POLITIQUE

Des établissements postsecondaires privés chrétiens financés par Ottawa

22/04/2013 04:35 EDT | Actualisé 21/06/2013 05:12 EDT
AP
Canadian Prime Minister Stephen Harper delivers a statement regarding the federal government review of the $15.1-billion takeover of Nexen Inc. by China's CNOOC Ltd. and the $6-billion takeover of Progress by Malaysia's Petronas, Friday Dec. 7, 2012. (AP Photo/The Canadian Press, Fred Chartrand)

Le gouvernement conservateur de Stephen Harper a accordé plus de 20 millions de dollars à des universités et des collèges privés chrétiens au cours des dernières années. Plusieurs de ces établissements interdisent les relations homosexuelles, qu'ils considèrent comme un péché.

Le plan d'action économique du gouvernement fédéral, annoncé en janvier 2009, comportait un volet pour soutenir les collèges et les universités au pays. Une analyse de ces projets d'infrastructure révèle que 13 universités et collèges privés chrétiens, évangéliques pour la plupart, ont obtenu plus de 20 millions de dollars en vertu de ce programme.

Par exemple, l'Université Trinity Western, en Colombie-Britannique, a obtenu 2,6 millions de dollars grâce au programme. Le Collège universitaire Redeemer, en Ontario, et l'Université Crandall, au Nouveau-Brunswick, ont quant à eux reçu respectivement 3 et 6 millions de dollars.

Ces établissements exigent du personnel et des étudiants qu'ils adhèrent à un code moral. Ce code interdit, entre autres, toutes relations homosexuelles, considérées comme contraire à la Bible.

« Le gouvernement fédéral ne devrait pas subventionner des établissements qui ont des pratiques discriminatoires », estime Robert Johnson, porte-parole de l'Association canadienne des professeurs d'université.

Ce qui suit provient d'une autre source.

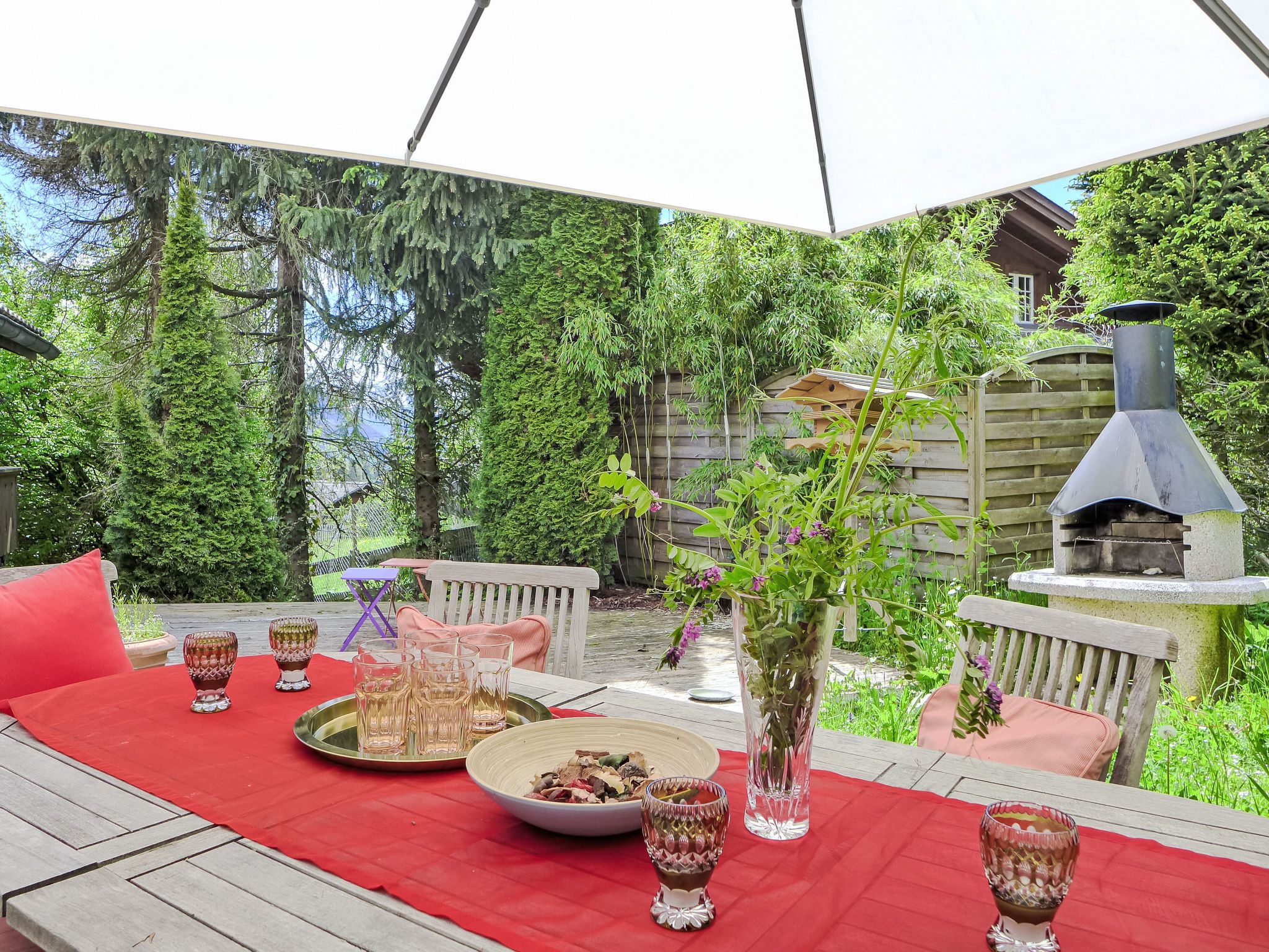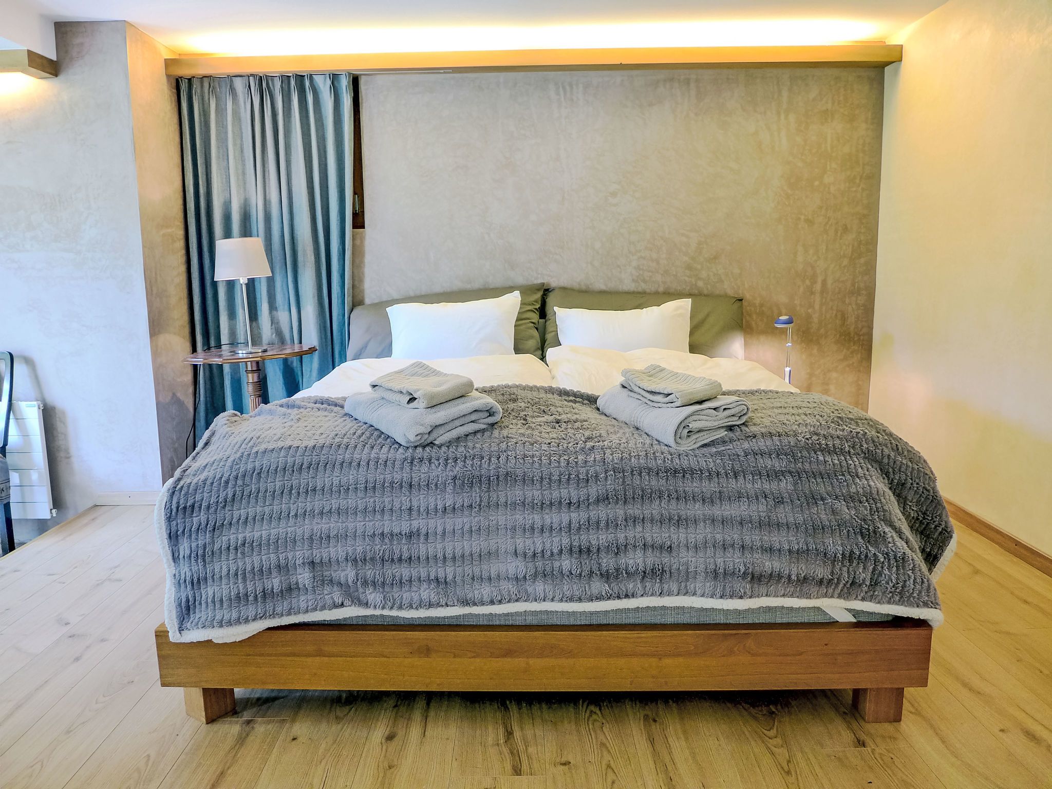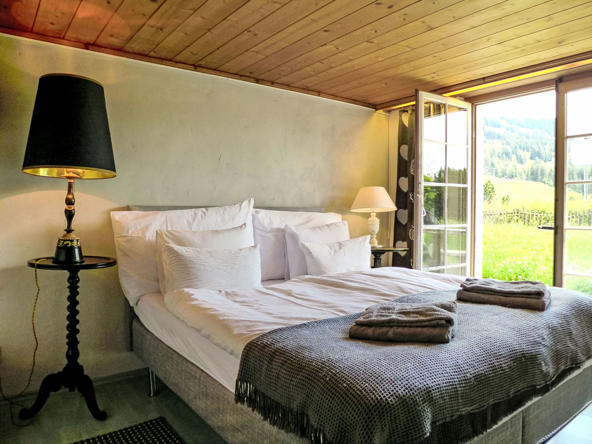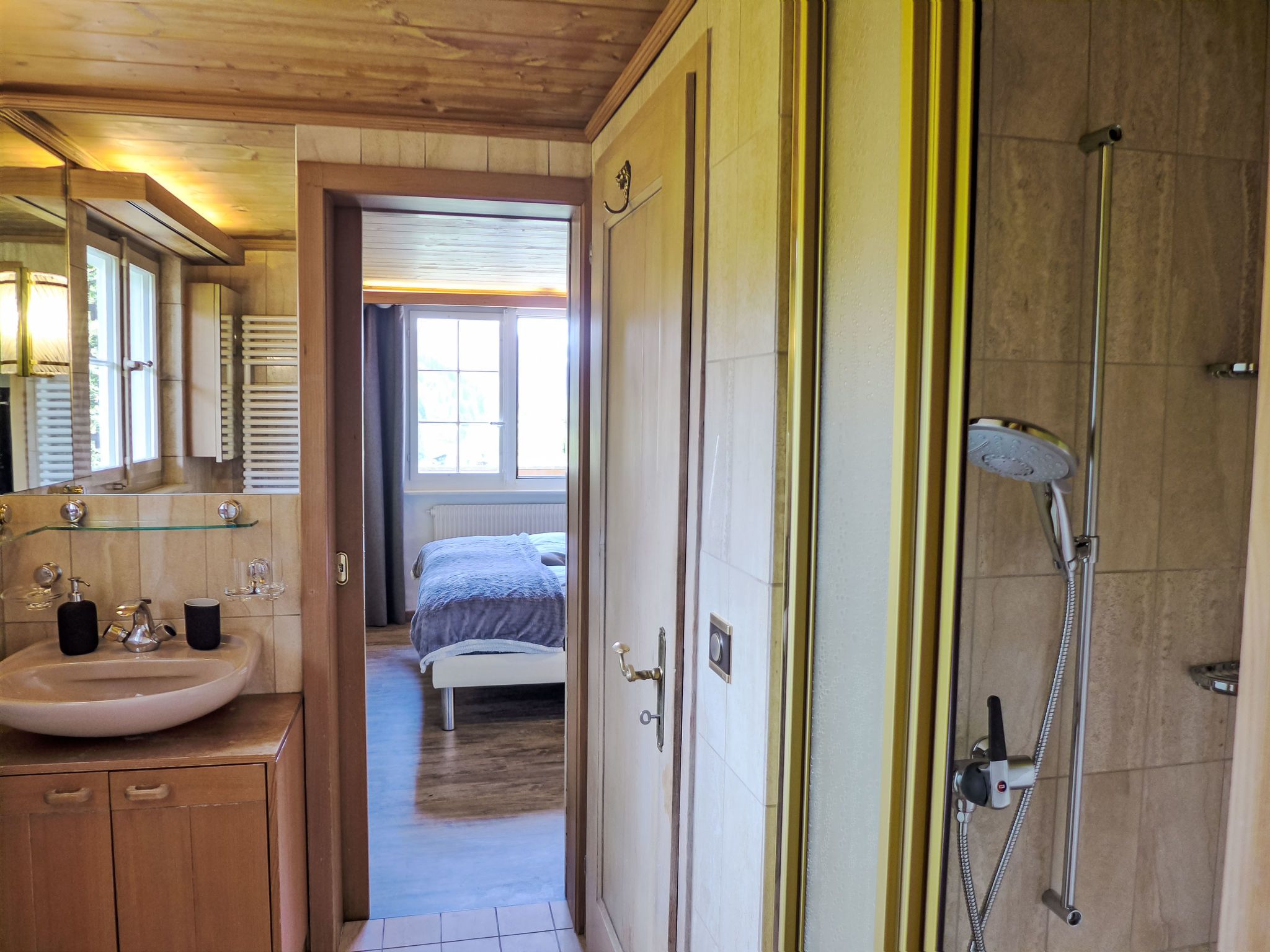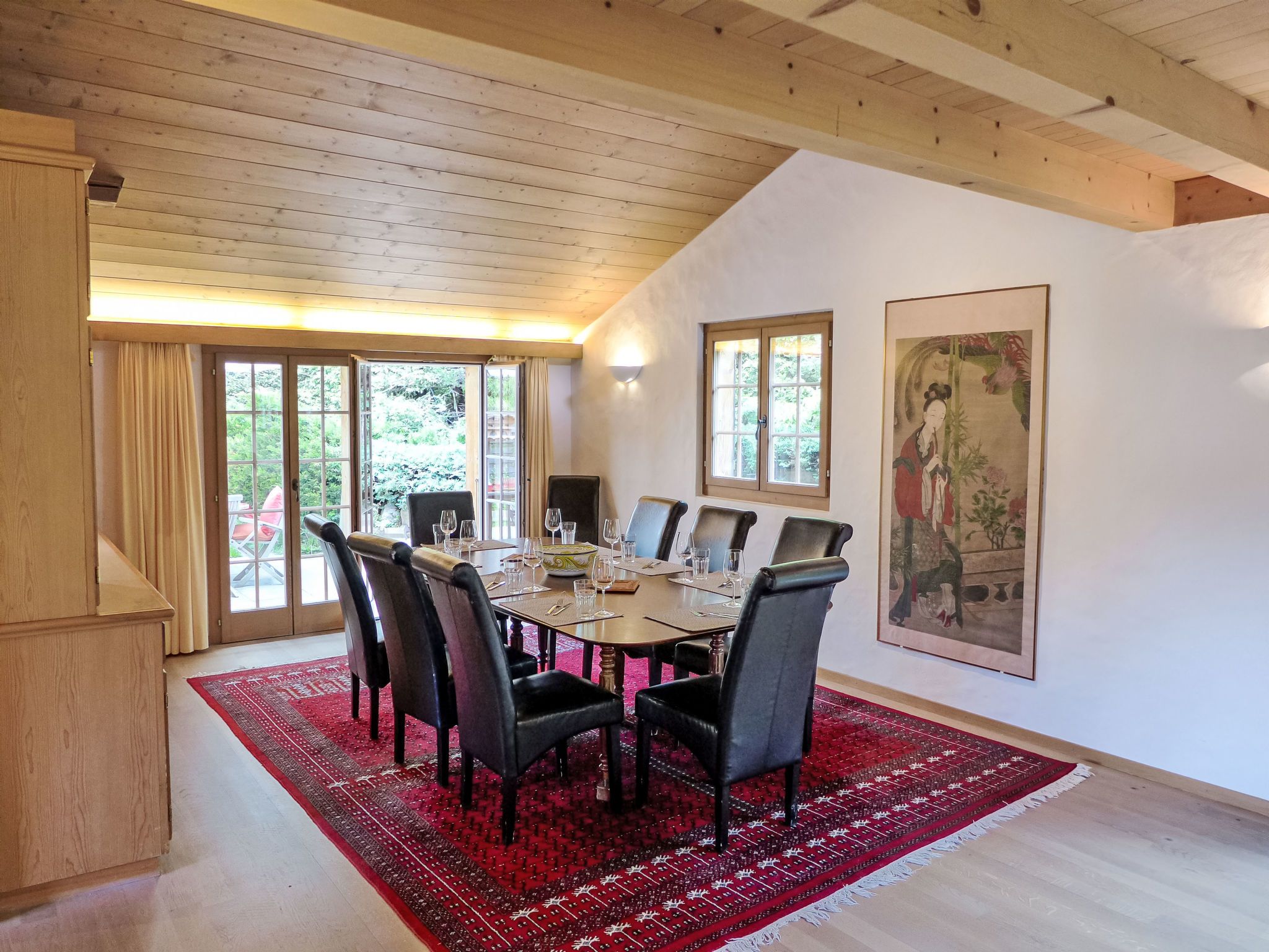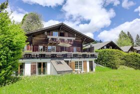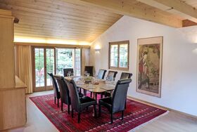7-Zimmer-Chalet 280 m2 auf 3 Stockwerken. Geräumig und hell, sehr komfortabel und geschmackvoll eingerichtet: offenes grosses Wohnzimmer mit offenem Kamin. Ausgang zum Balkon. Offenes Esszimmer mit Esstisch. Ausgang zur Terrasse. 1 Zimmer mit 1 Doppelbett (160 cm, Länge 200 cm). 1 Zimmer mit 1 franz. Bett (140 cm, Länge 200 cm). Grosse, offene Küche (Backofen, Geschirrspüler, 4 Induktionskochplatten, Toaster, Wasserkocher, Mikrowelle, Tiefkühler, elektrische Kaffeemaschine, Dampfgarer, Racletteofen, Kochinsel, Fondue Set (Käse)). Dusche/WC. Unteres Geschoss: 1 grosses Zimmer mit begehbarem Kleiderschrank mit 1 Doppelbett (160 cm, Länge 200 cm), Dusche/WC und TV. Ausgang zum Garten. 1 Zimmer mit 1 Doppelbett (160 cm, Länge 200 cm), Bad/WC und TV. Ausgang zum Garten. 1 kleines Zimmer, ohne Fenster mit 1 franz. Bett (140 cm, Länge 200 cm), Dusche/WC und TV. Dachgeschoss: offene Galerie. 1 grosses Zimmer mit begehbarem Kleiderschrank mit 1 Doppelbett (160 cm, Länge 200 cm), Bad/Dusche/WC und TV. Ausgang zum Balkon. Grosse Terrasse, Gartensitzplatz. Terrassenmöbel. Herrliche Panoramasicht auf die Berge, die Skipiste und die Landschaft. Zur Verfügung: Waschmaschine, Wäschetrockner, Bügeleisen, Haartrockner, Holz (extra). Internet (WLAN, gratis). Bitte beachten: Nichtraucher-Haus. Maximal 1 Haustier/Hund erlaubt. Rauchmelder, Feuerlöscher. Bei Belegung mit weniger Personen als der maximalen Personenzahl stehen nicht alle Wohneinheiten zur Verfügung.

De son côté, l'Association chrétienne pour l'éducation supérieure (Christian Higher Education Canada) réplique que les établissements religieux ont aussi des droits et avance que même s'ils ont des codes moraux, ils sont conformes aux exigences des lois sur les droits de la personne.

Angela Cameron, professeure à la Faculté de droit de l'Université d'Ottawa, admet que les institutions religieuses privées ont le droit de mettre au premier plan les droits religieux. Toutefois, selon elle, lorsqu'un établissement privé reçoit des fonds publics, cela entraîne de nouvelles obligations, soient celles de « balancer les droits entre les droits religieux et les droits des individus gais et des lesbiennes ».

Dans une réponse écrite, le ministre d'État aux Sciences et à la Technologie, Gary Goodyear, explique que tous les collèges et les universités accrédités étaient admissibles au programme. Toutefois, il n'explique pas pourquoi le gouvernement a choisi d'inclure les établissements privés religieux.

D'après un reportage de Brigitte Bureau.